One of the most recent initiatives in New Jersey is the creation of the Child Abuse Hotline, which provides a confidential and anonymous way for individuals to report suspected cases of child abuse. This hotline has proven to be a valuable tool in identifying and addressing instances of abuse, helping to protect children from further harm and providing them with the support they need to heal. By encouraging members of the community to speak up and report their concerns, the hotline has been instrumental in holding abusers accountable for their actions and preventing future incidents of abuse.

In addition to the Child Abuse Hotline, New Jersey has implemented other measures to combat child abuse, such as mandatory reporting laws and increased funding for child welfare services. These efforts have been essential in increasing awareness and prevention of child abuse, creating a safer environment for children to thrive in. By ensuring that all instances of abuse are taken seriously and investigated thoroughly, New Jersey is sending a clear message that child abuse will not be tolerated in our state.

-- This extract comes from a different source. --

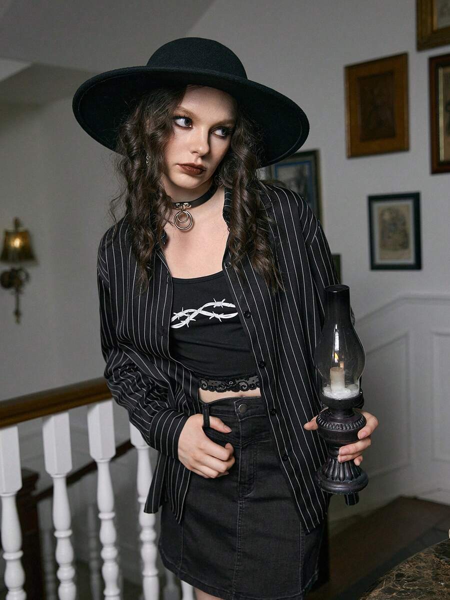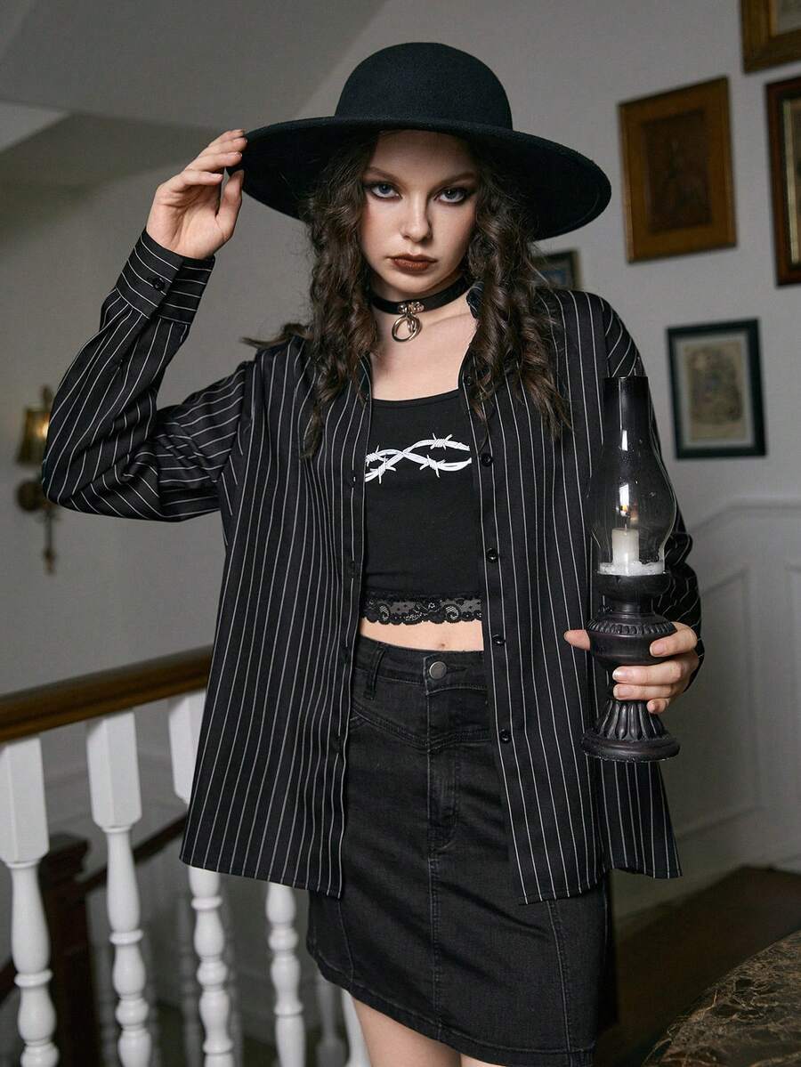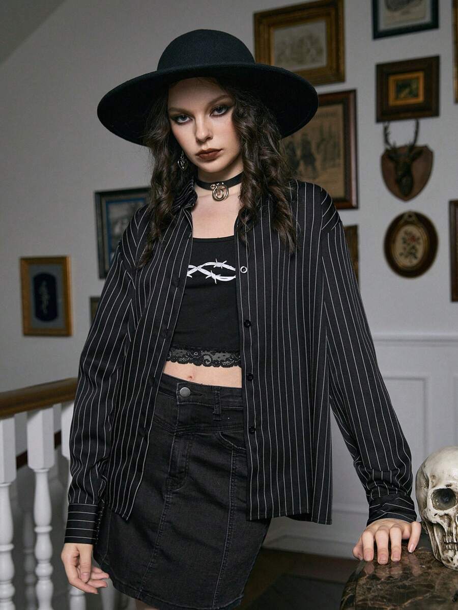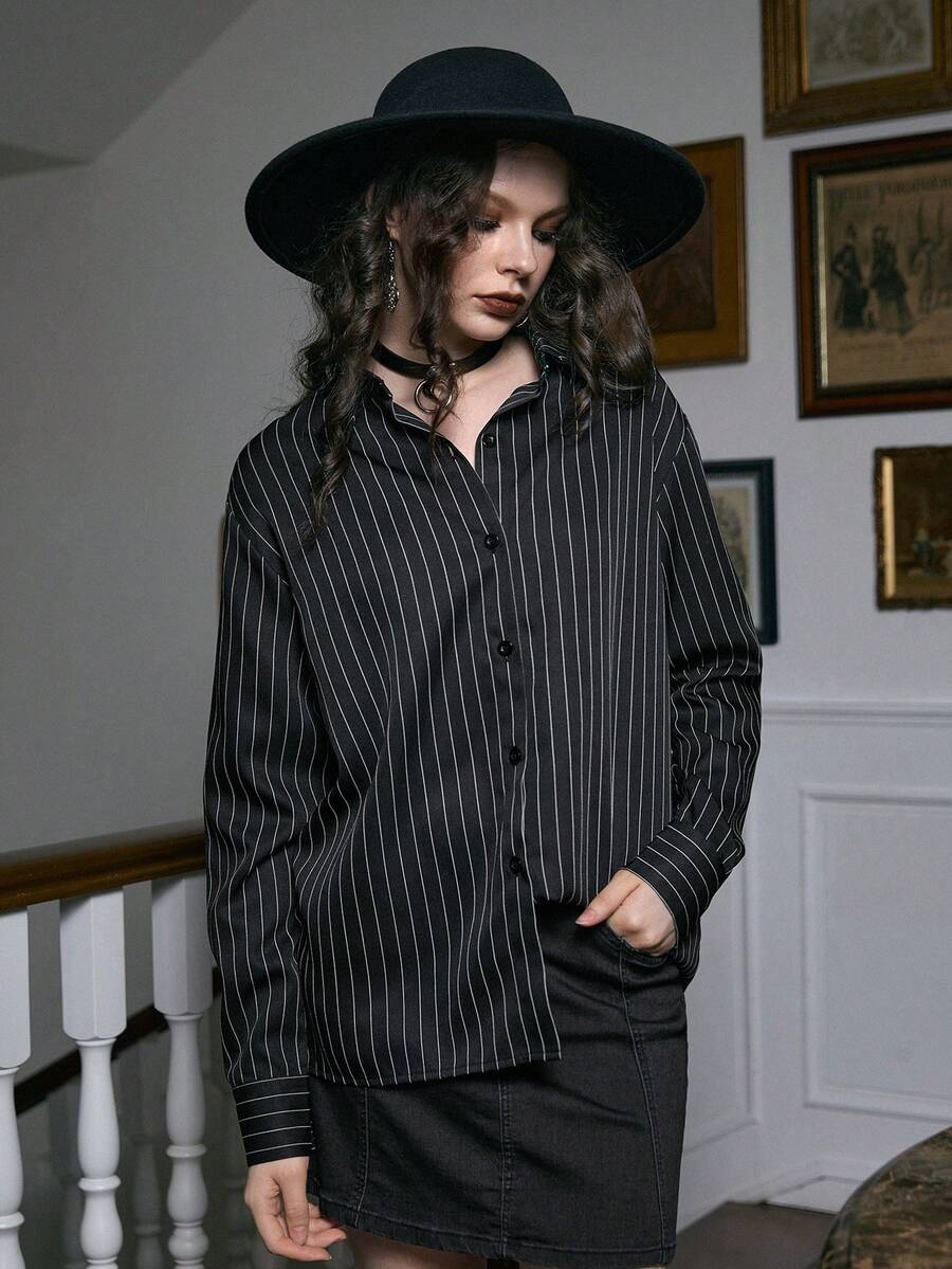 Academia Shirt mit Streifen Muster, Knopf vorne

While these initiatives have been successful in addressing some of the issues surrounding child abuse, there is still much work to be done. Child abuse remains a pervasive problem in society, with many cases going unreported or untreated. It is crucial that we continue to prioritize the safety and well-being of children, and take proactive steps to prevent abuse before it even occurs.

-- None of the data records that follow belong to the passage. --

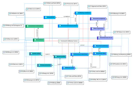 O2O commerce is the innovation of technology and business; therefore, technology acceptance and use theories have been widely used to explain consumers’ O2O behavior, which is in line with the e-commerce literature []. Perceived usefulness and ease of use derived from the TAM proposed by Davis [] and Davis et al. [] were two of the most popular constructs used to predict consumer behavior in the O2O literature. Technical attributes, especially usefulness, emphasize the extrinsic (utilitarian) motivation of consumers’ information technology use, which refers to the performance of a particular activity to achieve some objective distinct from the activity itself []. For example, consumers use O2O food delivery services instead of cooking by themselves to seek convenience [], another widely discussed determinant of consumers’ O2O behavior. The compatibility adapted from the diffusion of innovations theory developed by Rogers [] is another factor that determines consumers’ technology use behavior, whose similar constructs are facilitating conditions and perceived behavior control [,]. Some researchers also discussed the technical attributes of O2O commerce from the perspective of system quality, such as system safety [,] and privacy protection []. These technical or utilitarian factors were mentioned in the reviewed articles and constructed into a theme, as shown in Figure 5.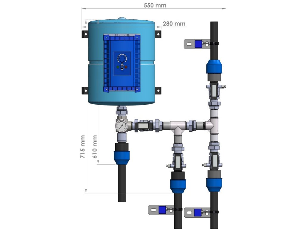 Tento vodárenský SET je určený na použitie spoločne s ponornými odstredivými čerpadlami. SET je vyskladaný tak, aby plne vyhovoval aj náročným požiadavkám zákazníkov na funkčnosť a vzhľad. Je určený na priamu inštaláciu na stenu a vďaka variabilite si sám zákazník môže určiť smer, ktorým bude SET otočený. SET obsahuje tri odbočky, každá s vlastným guľovým ventilom. Pripojovacie rozmery sú veľkosti 1".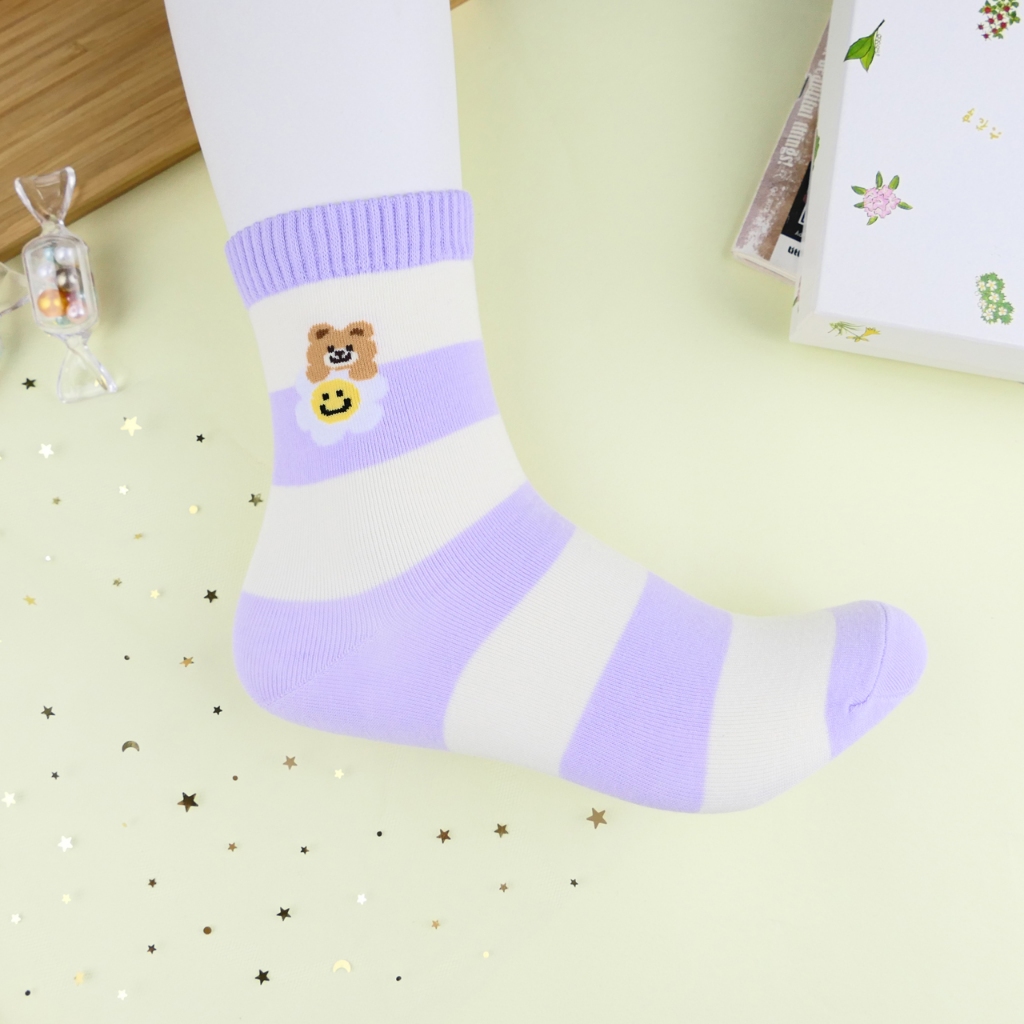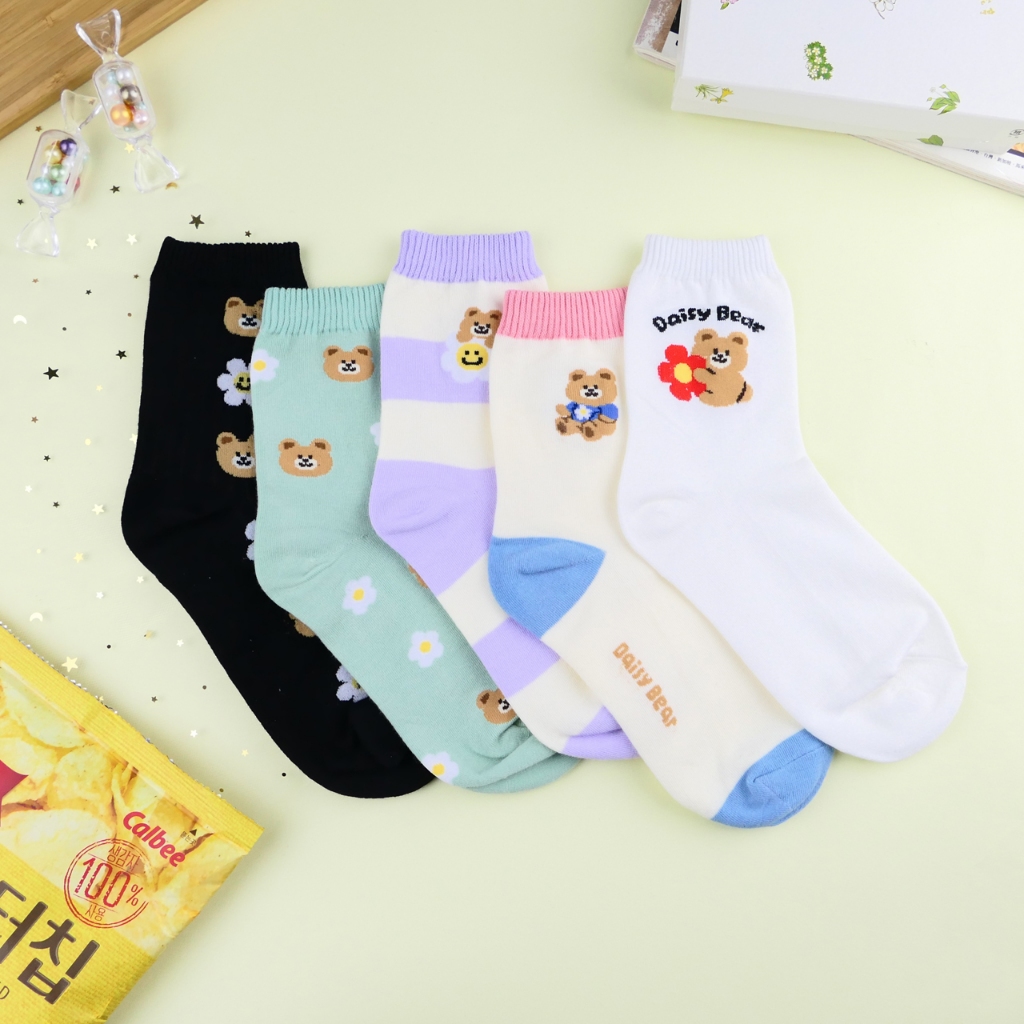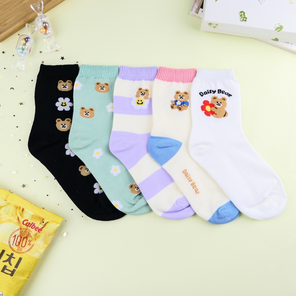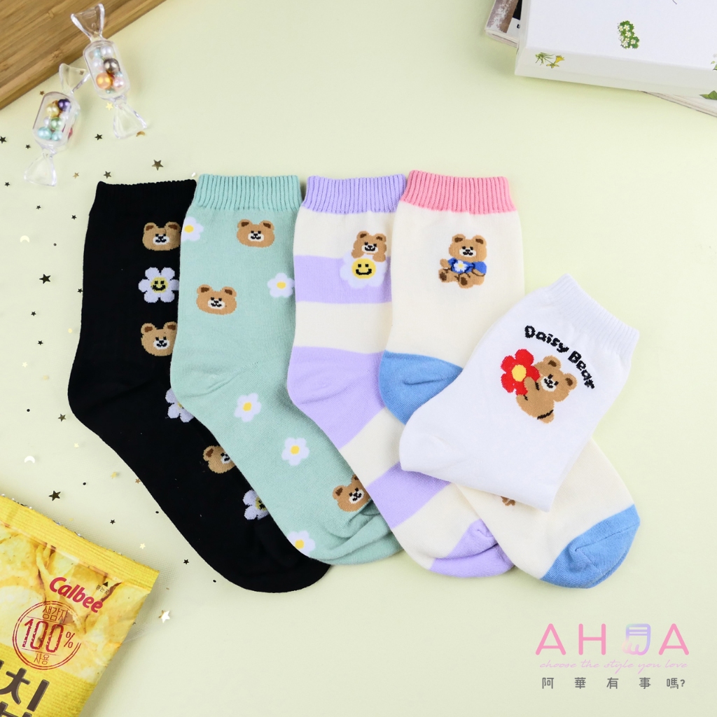 AHUA 阿華有事嗎 雛菊花朵小熊系列中筒襪 K2336 正韓襪子 百搭純棉襪 韓系必備 少女襪白底英文小熊|米黃底粉襪口|紫底米黃條紋|綠底滿白小熊雛菊|黑底直條小熊雛菊SocksAHUA 韓國襪子品牌旗艦店

Education and awareness are key components in the fight against child abuse. By teaching children, parents, teachers, and caregivers about the warning signs of abuse, we can empower them to speak up and seek help when needed. Furthermore, we must continue to educate the public about the impact of child abuse on individuals and communities, and the importance of taking action to protect children from harm.

Supporting and strengthening families is essential in preventing child abuse. By providing parents with the resources and support they need to raise their children in a safe and nurturing environment, we can reduce the risk of abuse and neglect. Programs that promote healthy parenting practices, offer mental health services, and address economic instability can help families build strong foundations and protect their children from harm.

In conclusion, the fight against child abuse requires a coordinated effort from all members of society. By creating a culture of accountability, empowerment, and support, we can work together to protect children and prevent abuse. It is up to each one of us to take a stand against child abuse and ensure that all children in New Jersey and beyond are able to grow up safe, healthy, and happy.